• _Given information_
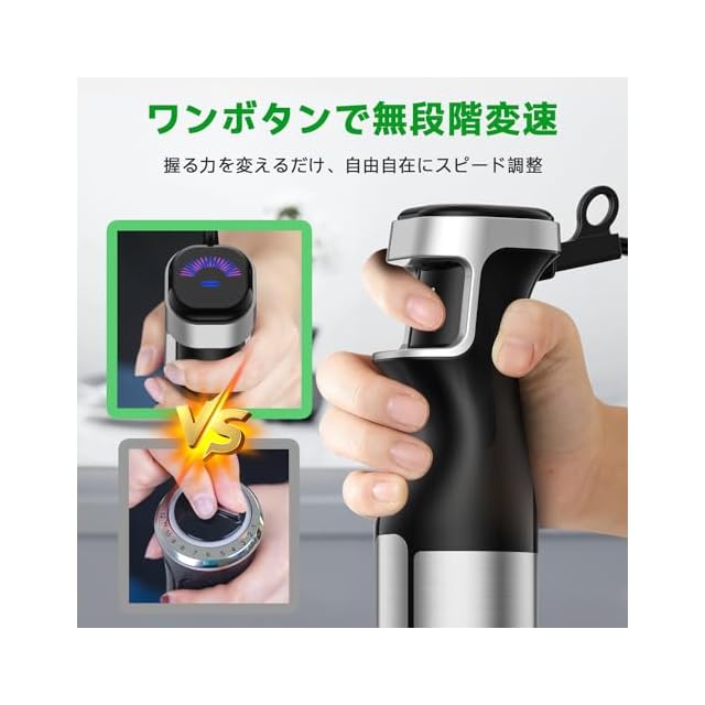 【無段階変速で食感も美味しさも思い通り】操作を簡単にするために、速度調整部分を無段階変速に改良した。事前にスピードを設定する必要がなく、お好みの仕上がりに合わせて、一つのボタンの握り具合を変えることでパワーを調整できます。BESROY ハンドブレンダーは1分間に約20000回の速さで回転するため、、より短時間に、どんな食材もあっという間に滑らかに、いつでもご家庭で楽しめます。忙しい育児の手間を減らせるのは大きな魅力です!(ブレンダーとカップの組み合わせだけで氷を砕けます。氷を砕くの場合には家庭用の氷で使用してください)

---

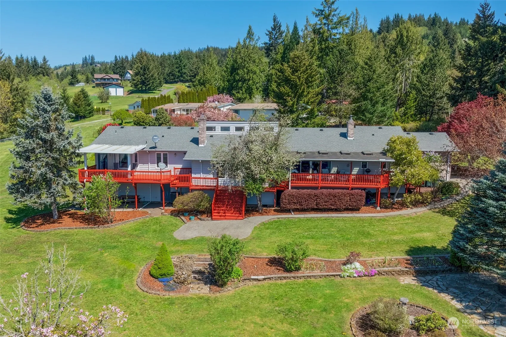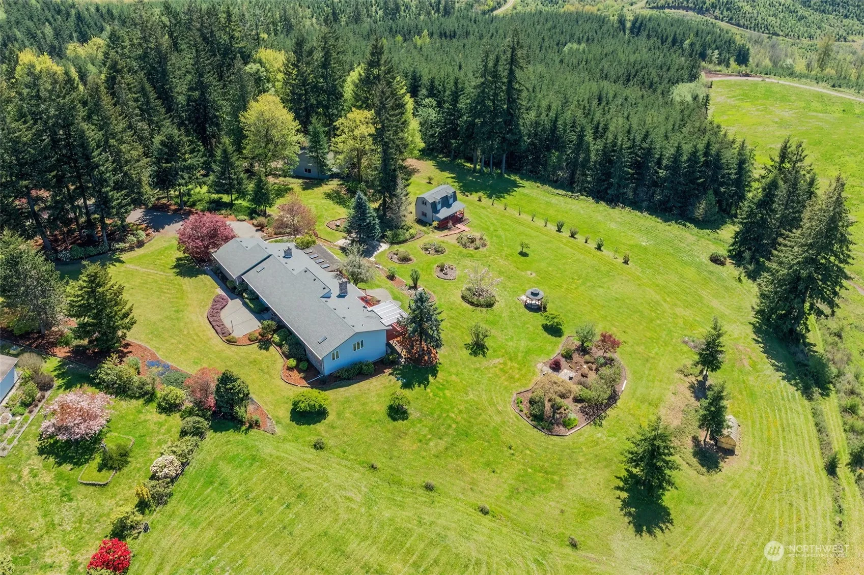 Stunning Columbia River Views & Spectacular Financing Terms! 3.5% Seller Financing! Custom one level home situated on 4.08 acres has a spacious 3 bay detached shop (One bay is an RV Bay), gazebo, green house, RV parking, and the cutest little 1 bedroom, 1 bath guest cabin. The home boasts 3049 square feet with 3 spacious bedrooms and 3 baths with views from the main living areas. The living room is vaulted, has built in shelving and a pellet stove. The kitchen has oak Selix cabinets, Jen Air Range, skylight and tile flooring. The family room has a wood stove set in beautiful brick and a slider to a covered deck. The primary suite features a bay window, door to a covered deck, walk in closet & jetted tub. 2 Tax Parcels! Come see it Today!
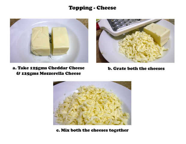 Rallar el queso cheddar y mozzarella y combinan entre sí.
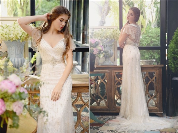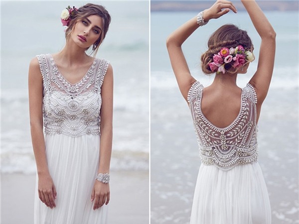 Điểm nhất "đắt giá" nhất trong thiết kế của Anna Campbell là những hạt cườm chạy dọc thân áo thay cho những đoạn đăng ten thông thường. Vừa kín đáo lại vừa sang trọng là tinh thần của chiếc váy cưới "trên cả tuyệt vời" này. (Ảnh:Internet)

• _Work instructions_
From the data above, return only the lines starting at the line that holds "Rallar el queso" and ending at the line that holds "nhất trong thiết", word for word and without pictures.

• _Written solution_
 Rallar el queso cheddar y mozzarella y combinan entre sí.
 Điểm nhất "đắt giá" nhất trong thiết kế của Anna Campbell là những hạt cườm chạy dọc thân áo thay cho những đoạn đăng ten thông thường. Vừa kín đáo lại vừa sang trọng là tinh thần của chiếc váy cưới "trên cả tuyệt vời" này. (Ảnh:Internet)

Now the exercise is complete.